▶ **Work to complete**: Give back the lines of the entries below exactly as written, from the first line to the line holding "钢琴谱:《사랑인가 봐》(Love, Maybe)", both included, with the pictures omitted.

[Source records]
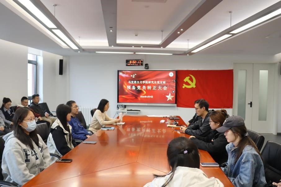 为加强党的组织建设,马克思主义学院研究生党支部于2026年4月9日召开预备党员转正大会。马克思主义学院研究生党支部全体党员参加,马克思主义学院党总支组织员王浩出席大会,本次会议由研究生党支部书记刘珊珊主持。
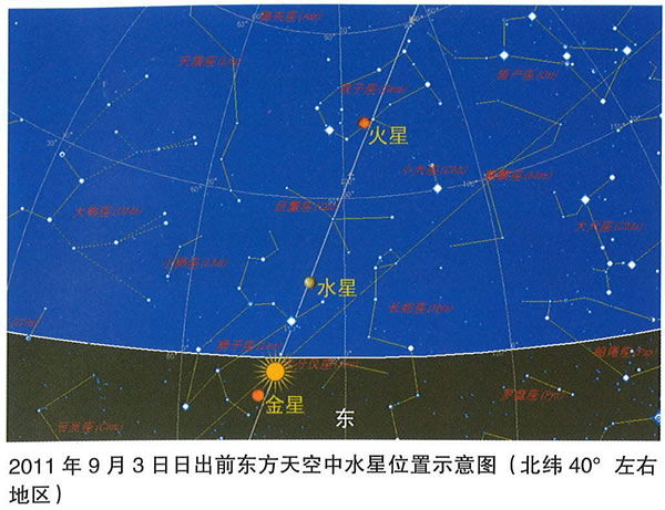 本次大距水星与太阳的角距离约为18°,由于水星赤纬比太阳高,因此对于北半球来说观测条件较好。以北纬40°左右地区为例,9月3日日出时水星的地平高度已有16°,亮度约-0.2等,之前的半小时左右是较住的观测时机。其实,本次大距前后几天水星的观测条件也都不错,只要赶上晴天,大家就可以起个大早,找个东方遮挡较少的地方,根据我们提供的示意星图来尝试寻找水星。
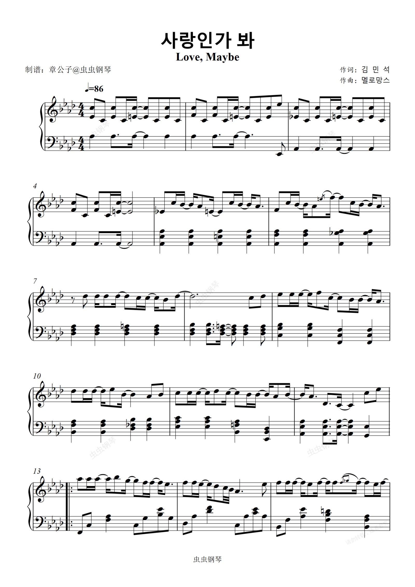 钢琴谱:《사랑인가 봐》(Love, Maybe) - 韩剧《社内相亲》OST 钢琴独奏谱
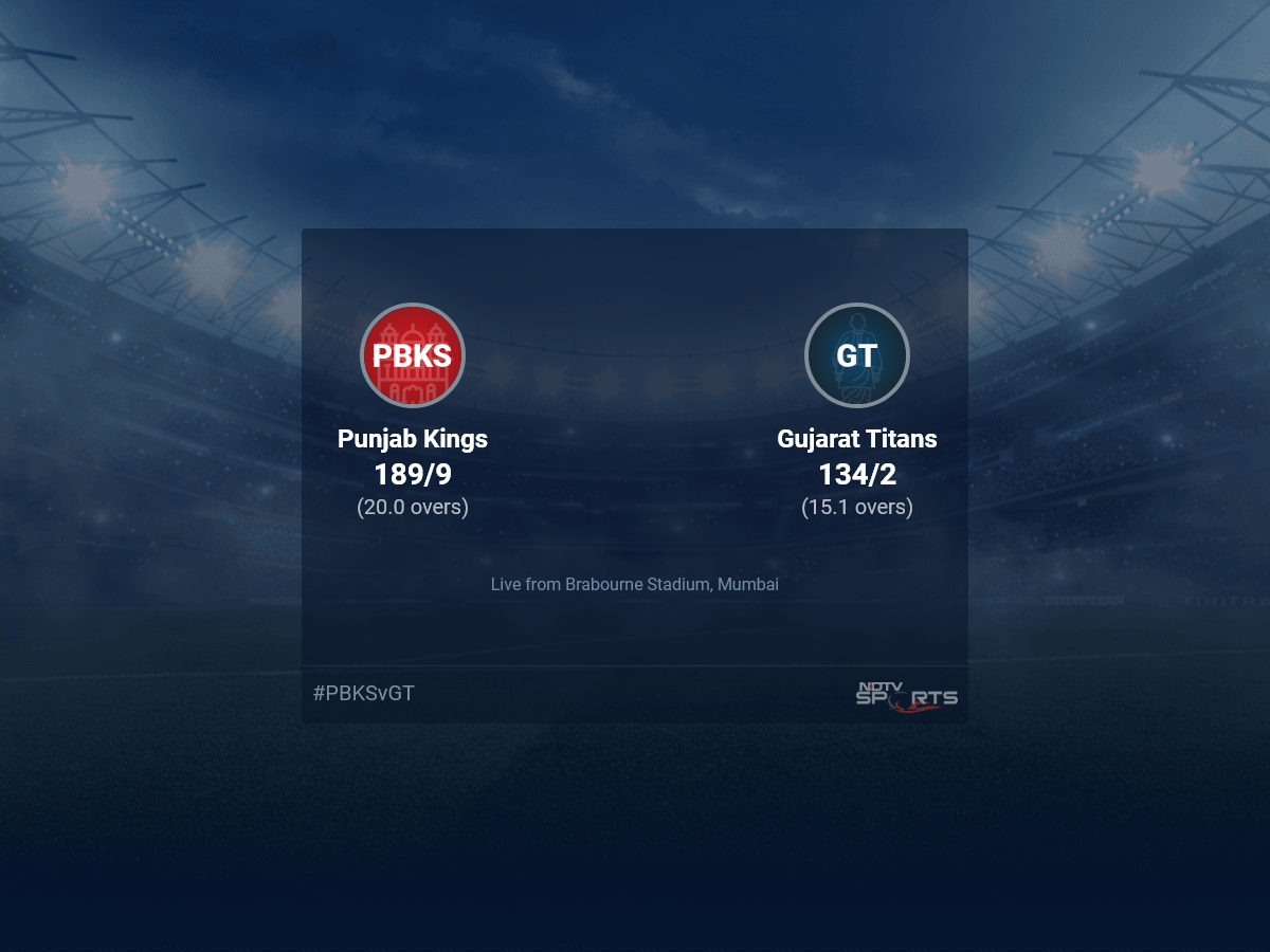 Follow the Indian Premier League 2022 live cricket score on Sports.NDTV.com. After 15.1 overs, Gujarat Titans, chasing a target of 190, are 134/2. Get live score, ball by ball commentary and much more. Keep track of Indian Premier League 2022 today match between Punjab Kings and Gujarat Titans. Everything related to Punjab Kings and Gujarat Titans match will be available on Sports.NDTV.com. Stay updated with Punjab Kings vs Gujarat Titans live score. Do check for Punjab Kings vs Gujarat Titans scorecard. You can get scorecard updates, match related facts. Get quick live updates with ads, Sports.NDTV.com, which is the perfect destination for live cricket score.
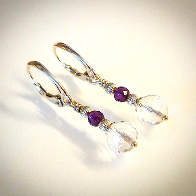 Strieborné náušničky sú ručne vyrobené zo šperkového striebra (925/1000) a z prírodných korálok z kryštálu a ametystu.
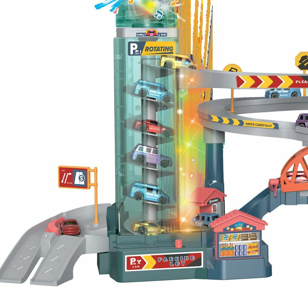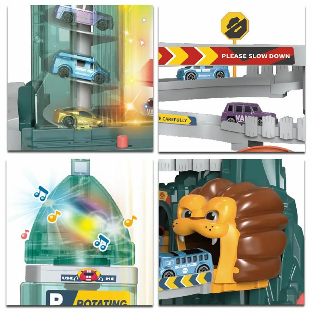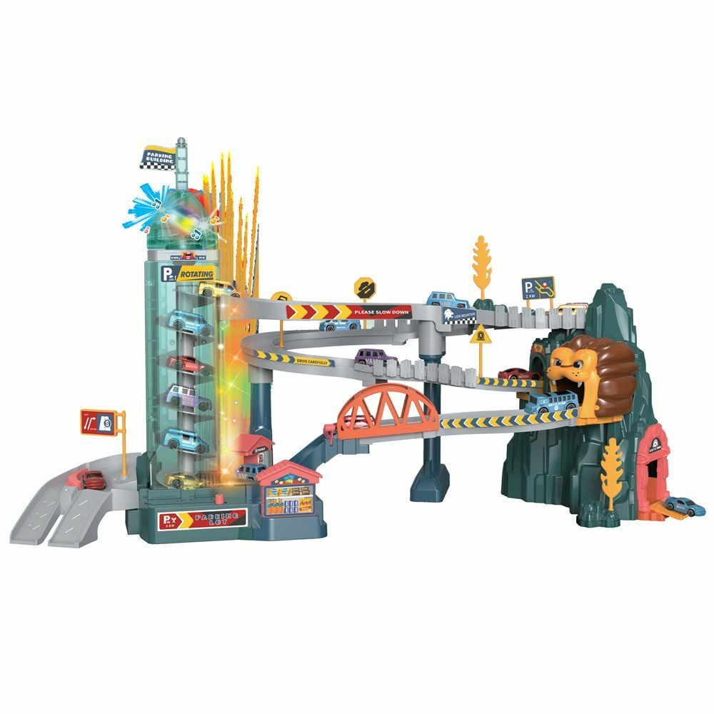 A kalandpályában található egy autók szállítására és tárolására alkalmas mozgatható lift, mely élethű és interaktív élményt biztosít. Fény és hangjelzései emelik a játék éményét, míg a beépített kiegészítők izgalmassá teszik a játékot, miközben száguldhat kisautóival a pályán. A csomagban 4 db játék autó is megtalálható, így azonnal ki is kipróbálhatja az élményekkel teli kalandpályát.
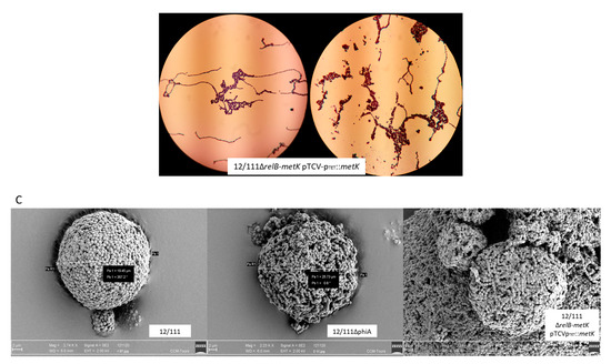 One in situ complemented mutant of the relB-metK region, i.e., 12/111ΔrelB-metK::relB-metK n°2, totally restored the phenotypes studied: (i) flocculation, (ii) long chains and large chain tangles, (iii) high prevalence (21.5%) of cocci with a thick layer of glycocalyx, (iv) growth characteristic of 12/111, and (v) high ability to form biofilm (Table 1; Figure 4 and Figure 5). The remaining in situ complemented mutants did not restore any of the studied phenotypes, suggesting the onset of secondary mutations in the course of mutant’ construction, potentially preventing phenotype restoration.
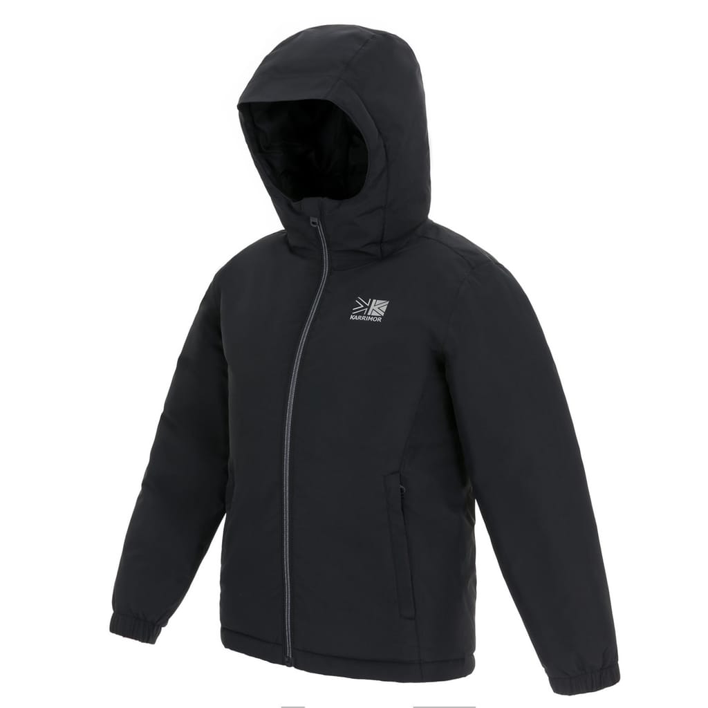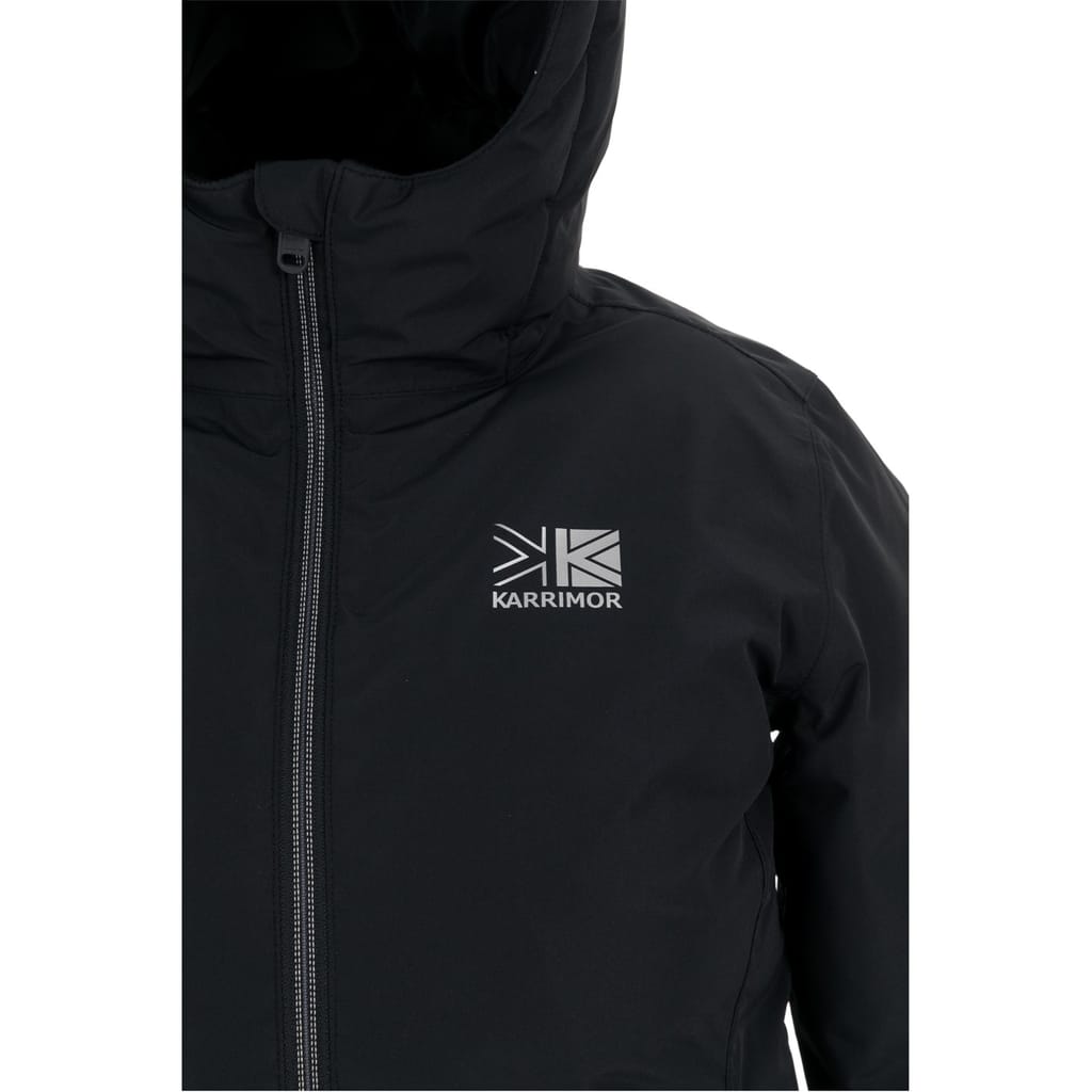 Discover the Karrimor puffer jacket, designed for optimal insulation and comfort. This solid jacket features a hooded neckline and a convenient zipper closure. Its regular fit and elasticated cuffs ensure a snug wear, while the logo adds a touch of brand identity. Perfect for those seeking a reliable and stylish outerwear option. -
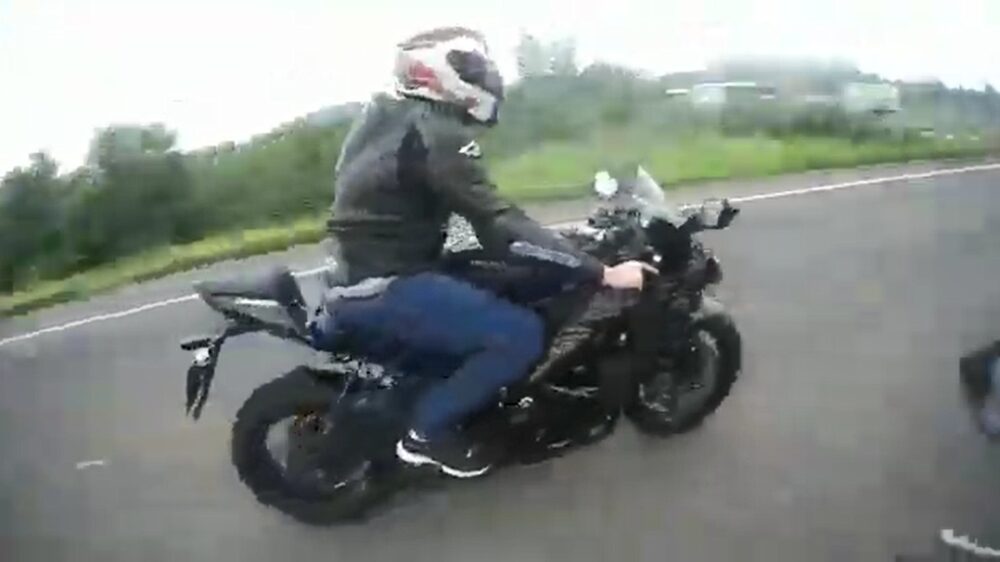 Stoere bikerboy doet poging tot wheelie maar gaat vol op zijn plaat
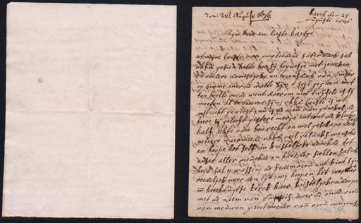 haech den 25 28 Augusti 1676 Augusti 1676 Mijn heer en lieste hartge wt mijne laeste van voorleedene saterdach sal uhEd gesien hebbe hoe sij begaesge met jeneken en verdere domistijcke en woonsdach van Amster op breeme overde watte sijn t seijl gegaen met Een heelle goede wint daerom niet twijfele of sij moeten al te breeme sijn, uhEd laeste is wt wttrecht geweest, nu is de vrou van ginckel de heere sij gelooft gistere merge ontrent de klocke ter half achte van Een recht en wel geschape doch geleege waenmeede uhEd veel gelucks wensche en hoope het self in kristelijcke douchde tot onser aller vreuchde en haerder siellen salich heijt sal op wassen, de kraem vrou ent kint sijn reedelijck naer den tijt, wij hoopen het overmerinde hoochduijtse kerck haer kristelijcken doope met de naem van Augnis naer de oude vrou van meuwen grootmoeder vande vrou van ginckel
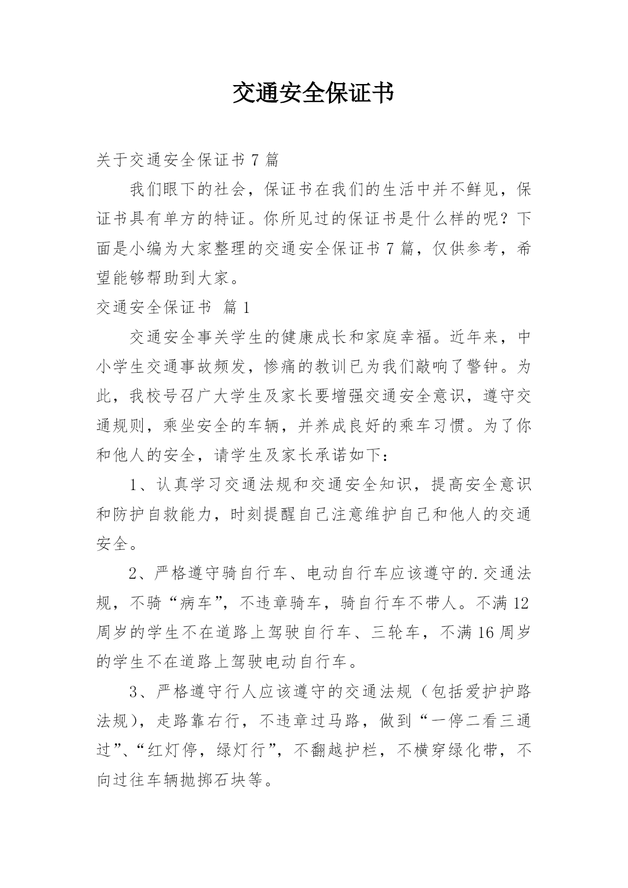 交通安全保证书关于交通安全保证书7篇我们眼下的社会,保证书在我们的生活中并不鲜见,保证书具有单方的特证。你所见过的保证书是什么样的呢?下面是小编为大家整理的交通安全保证书7篇,仅供参考,希望能够帮助到大家。交通安全保证书篇1交通安全事关学生的健康成长和家庭幸福。近年来,中小学生交通事故频发,惨痛的教训已为我们敲响了警钟。为此,我校号召广大学生及家长要增强交通安全意识,遵守交通规则,乘坐安全的车辆,并养成良好的乘车习惯。为了你和他人的安全,请学生及家长承诺如下:1、认真学习交通法规和交通安全知识,提高安全意
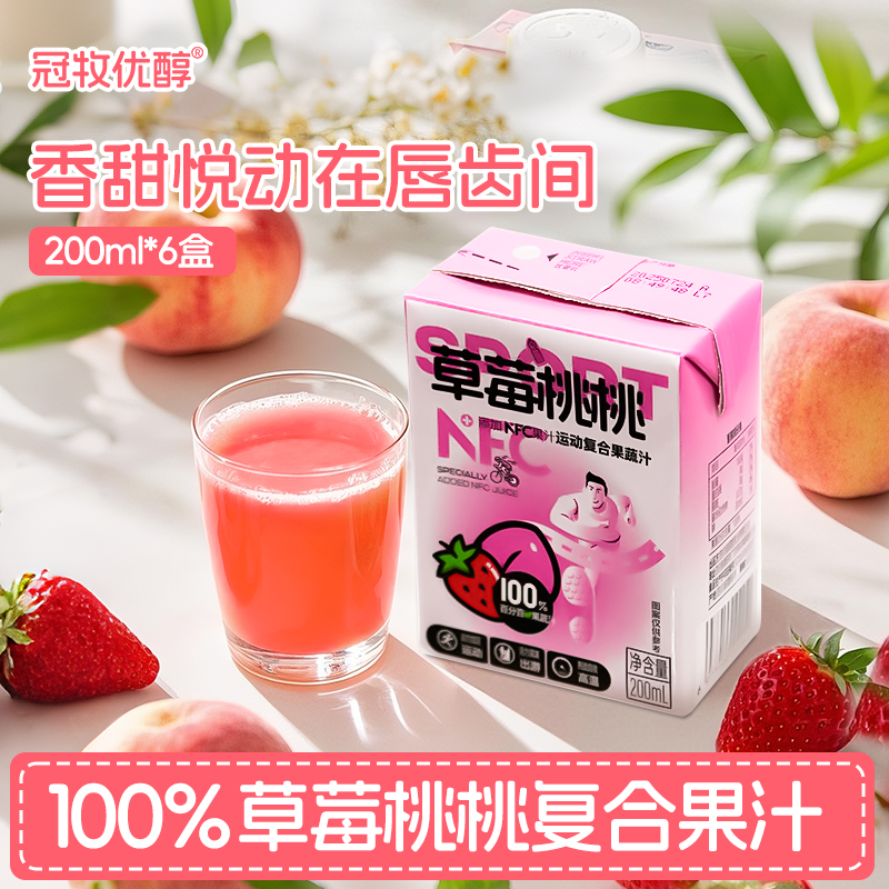 冠牧优醇草莓桃桃果汁水果风味100%复合果汁添加nfc原浆0脂肪饮品
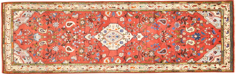 Rug ID: 300930001659663 Size: 8'9"x2'8" ft Thickness: ap. 0.47 in Knot density: 82 - 103 / square inch Manufacturing: Knotted by hand Pile: Handspun wool Warp: Cotton Origin: Persia / Iran Age: New Weight: ap. 18 lb Also know as Meriban In stock: Unique - Only 1 in stock

▶ **Reply**:
 为加强党的组织建设,马克思主义学院研究生党支部于2026年4月9日召开预备党员转正大会。马克思主义学院研究生党支部全体党员参加,马克思主义学院党总支组织员王浩出席大会,本次会议由研究生党支部书记刘珊珊主持。
 本次大距水星与太阳的角距离约为18°,由于水星赤纬比太阳高,因此对于北半球来说观测条件较好。以北纬40°左右地区为例,9月3日日出时水星的地平高度已有16°,亮度约-0.2等,之前的半小时左右是较住的观测时机。其实,本次大距前后几天水星的观测条件也都不错,只要赶上晴天,大家就可以起个大早,找个东方遮挡较少的地方,根据我们提供的示意星图来尝试寻找水星。
 钢琴谱:《사랑인가 봐》(Love, Maybe) - 韩剧《社内相亲》OST 钢琴独奏谱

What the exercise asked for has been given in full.